In Poland, 3 HPV vaccines are available in the form of injections for intramuscular administration:

– Cervarix against 2 carcinogenic types of virus: HPV16 and HPV18

-Silgard against 4 types of virus, including two carcinogenic types HPV16 and HPV18 and two types of HPV6 and HPV11 responsible for genital warts (genital warts)

– Gardasil 9 – against 7 carcinogenic types of HPV (HPV16, 18, 31, 33, 45, 52 and 58) and two types of HPV6 and HPV11 responsible for genital warts (genital warts).

All vaccines listed require 3 doses.

FREQUENTLY ASKED QUESTIONS:

How effective is cervical screening?

It is estimated that three-quarters of all cervical cancer cases can be detected and prevented by cervical screening.

I’ve never had sex. Should I do a Pap test?

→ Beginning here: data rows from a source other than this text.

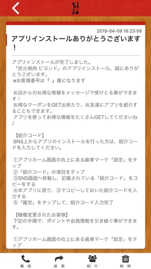 焼肉ビヨンドのアプリをSNSを通じてお友達に紹介する事ができます。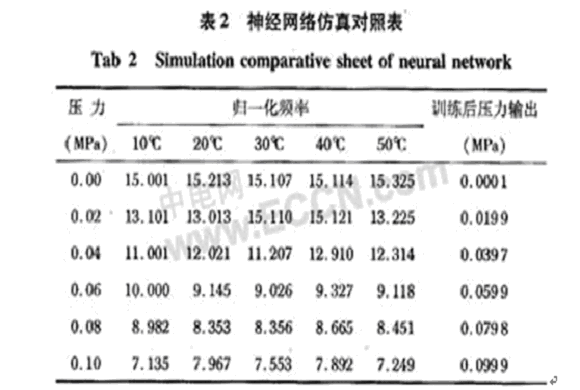 實(shí)際中,溫度變化對(duì)SAW壓力傳感器的性能影響非常明顯,通過(guò)神經(jīng)網(wǎng)絡(luò)的訓(xùn)練,訓(xùn)練的頻率和誤差在規(guī)定范圍內(nèi),其最大誤差僅為1%,BP算法的仿真結(jié)果和實(shí)際測(cè)量值吻合。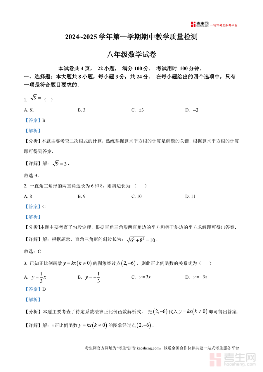 《精品解析:广东省深圳市龙华区新华中学教育集团2024-2025学年上学期八年级期中考试数学试卷(解析版)》是一份针对深圳龙华区八年级学生期中数学备考设计权威真题解析资料。该资料包含完整试卷结构与详细解析,试卷共4页22小题满分100分,分选择(8题24分)、填空(5题15分)、解答(7题61分)三大题型;解析部分针对每道题提供考点定位(如二次根式计算、勾股定理、一次函数解析式)、详细解题步骤及易错点提示,部分难题(如第8题旋转辅助线构造)还配有思路拓展,帮助学生理解核心方法。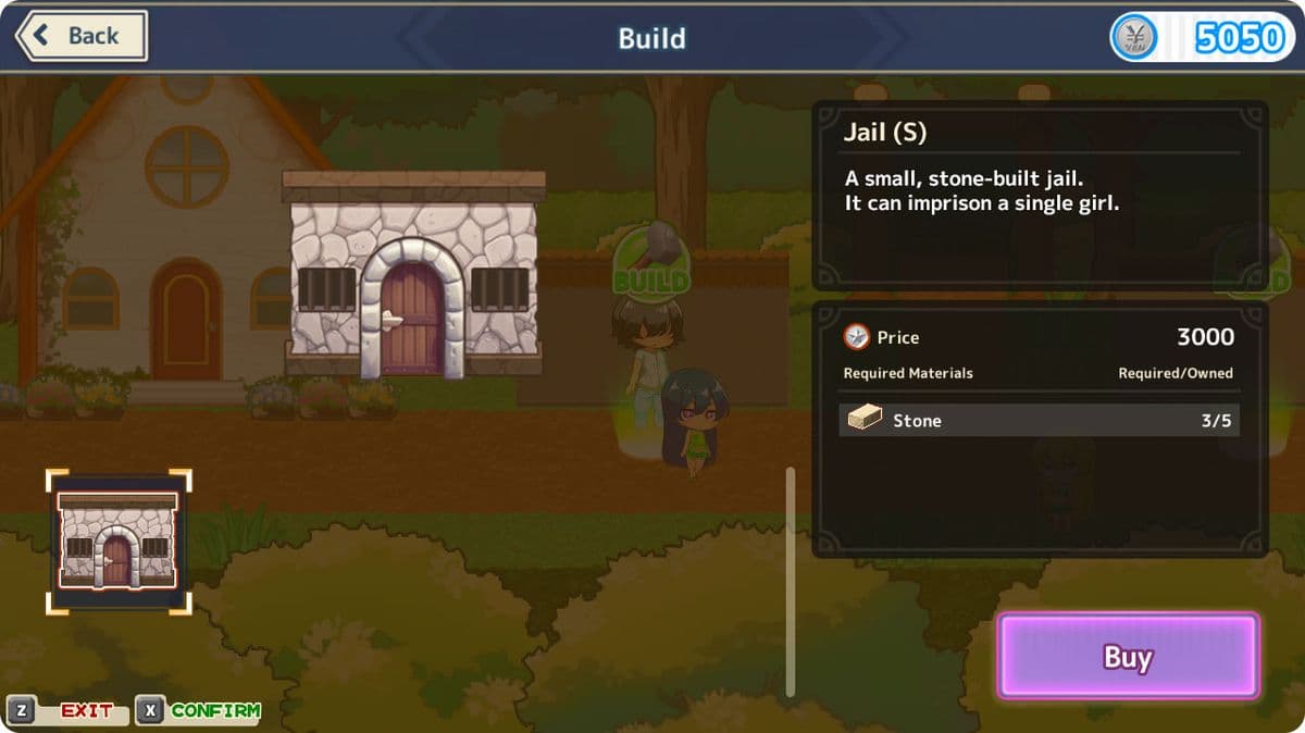 The 'Build' system, which allows for the construction of buildings like jails, is not available from the beginning. By solving the village's problems, you might be allowed to use the space freely...?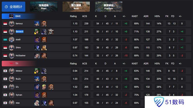 尽管来自BME战队的印尼选手famouz和BerserX分别砍下了54和50总击杀,位列全场比赛的头两名,但无奈T1选手的发挥更为平均,同时在地图的战术转变层面更加灵活,希望T1调整自己的状态迎接败者组的比赛。
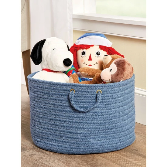 Inspired by the braided rugs that date back to Colonial times, our solid-color basket takes that durable, good-looking design and gives it an ingenious new use. The result is a new kind of portable storage for your home. This two-handled basket is large enough to accommodate extra towels for the bath, magazines for a den, and sewing needs (including yarn!) or toys for a bedroom. It’s really up to you! Out on the porch, or inside by a fireplace, you can even store a small supply of starter logs or kindling in it. The durable, yarn-dyed polypropylene ably resists stains and color-fading. Plus, this carefree bucket wipes clean in a jiffy.

The test is recommended for all women, even if they have never had sex. However, the risk of developing cervical cancer in this case is very low, because the main cause of this cancer is an infection caused by the HPV virus, which we become infected during sexual contact. However, there are other, rarer types of cervical cancer that are not caused by HPV. Therefore, women who have not had sex are also at risk.

I am a lesbian. Do I need to do a cytology?

Yes. If you are a lesbian, you should also get tested. There is a risk of developing cervical cancer not caused by HPV. In addition, HPV can also spread between partners. In addition, some lesbians may have had sexual contact with a man in the past.

I have irregular bleeding, do I need a Pap test right away?

Not. Cervical screening is a routine test done in women without any symptoms. Its purpose is to evaluate cells in the cervix that may cause cancer in the future.

Are HPV vaccinations paid?

Vaccinations against HPV are paid. Some local governments in Poland finance vaccinations for children from selected age groups.